## Recorded data
________________________________________
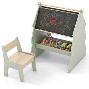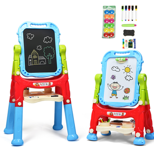 Kids Art Easel Double Sided Chalkboard Whiteboard - Blue by Costway
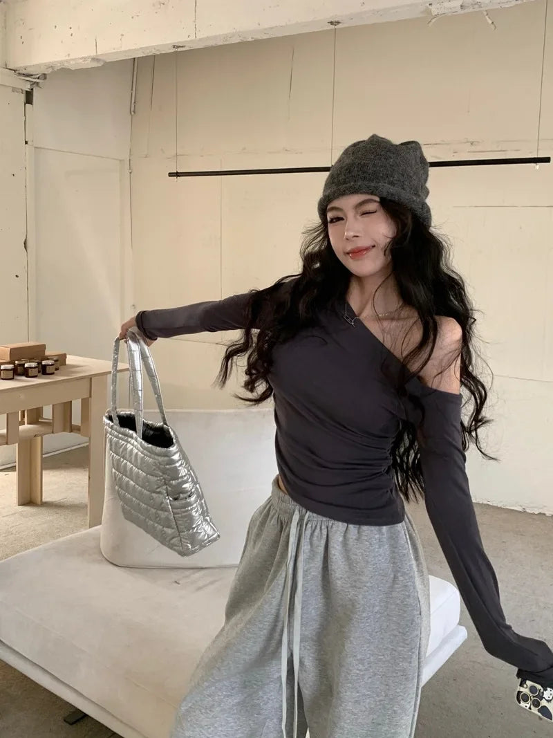SexySpicy Girl Style Blackoff-the-Shoulder Long Sleeve T-shirt Slimming Smooths Your Silhouette Nefarious Crossbody Top For Wome
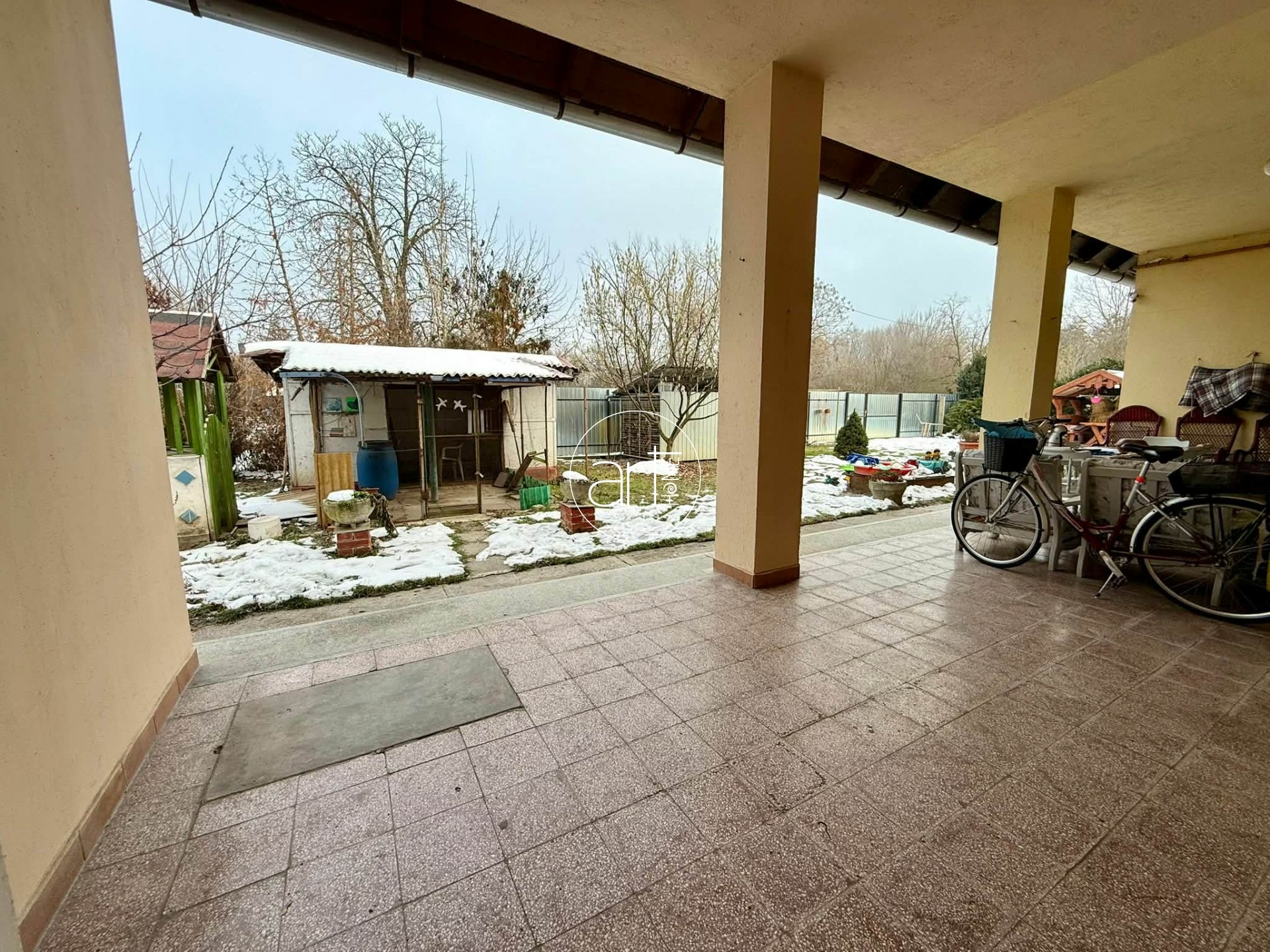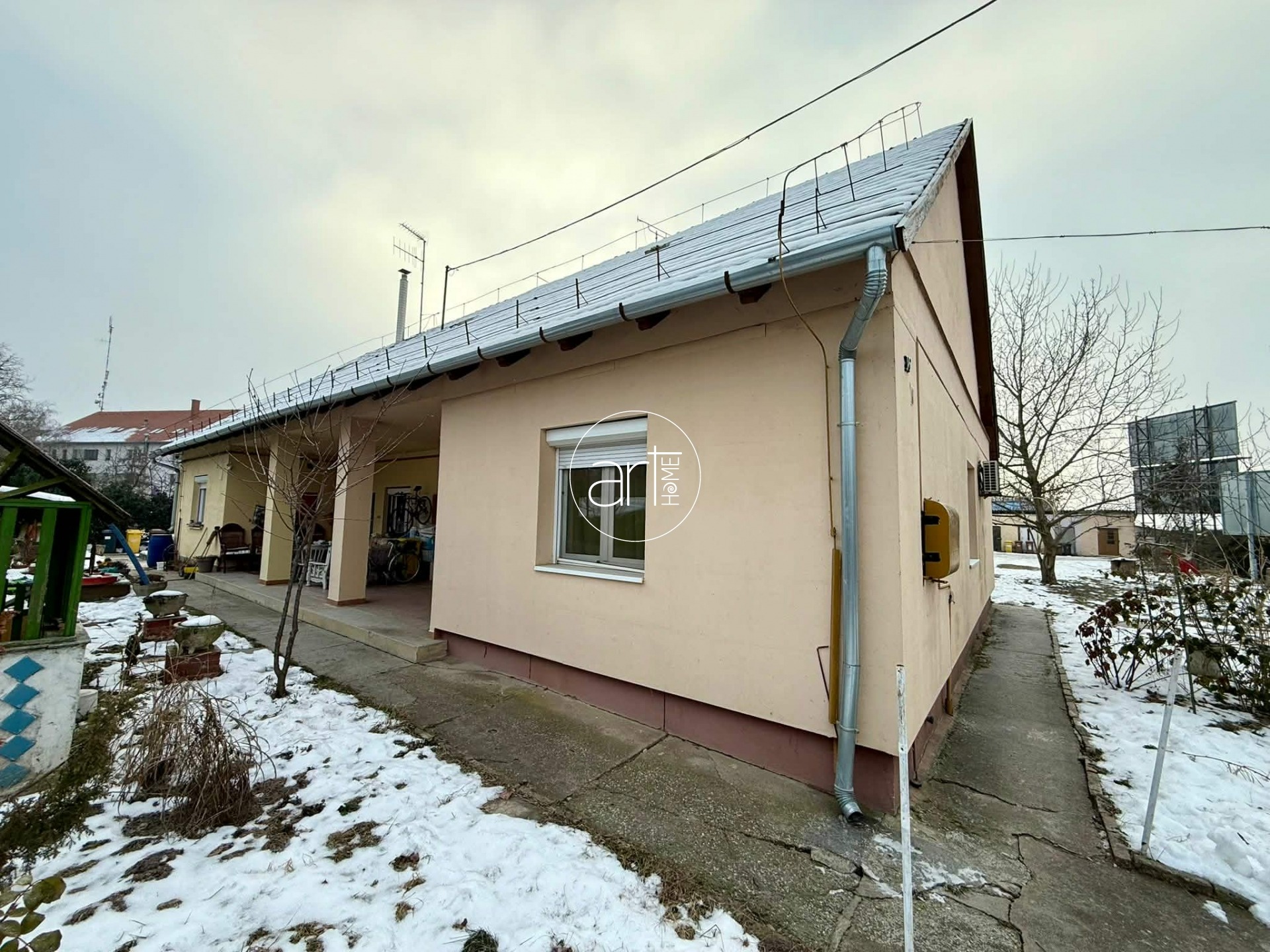 A lakás maga sorházi épületben helyezkedik el, és az elektromos kapuval ellátott, zárt udvaron keresztül megközelíthető. A lakáshoz tartozik még egy nagy, udvari tároló és egy, anno garázsként használt, ma már ugyanúgy tároló funkciót ellátó épület.
________________________________________
## What is required
Leave every picture out and set down exactly the lines running from the one with "SexySpicy Girl Style" to the last line of the material above.

## Task response
SexySpicy Girl Style Blackoff-the-Shoulder Long Sleeve T-shirt Slimming Smooths Your Silhouette Nefarious Crossbody Top For Wome
 A lakás maga sorházi épületben helyezkedik el, és az elektromos kapuval ellátott, zárt udvaron keresztül megközelíthető. A lakáshoz tartozik még egy nagy, udvari tároló és egy, anno garázsként használt, ma már ugyanúgy tároló funkciót ellátó épület.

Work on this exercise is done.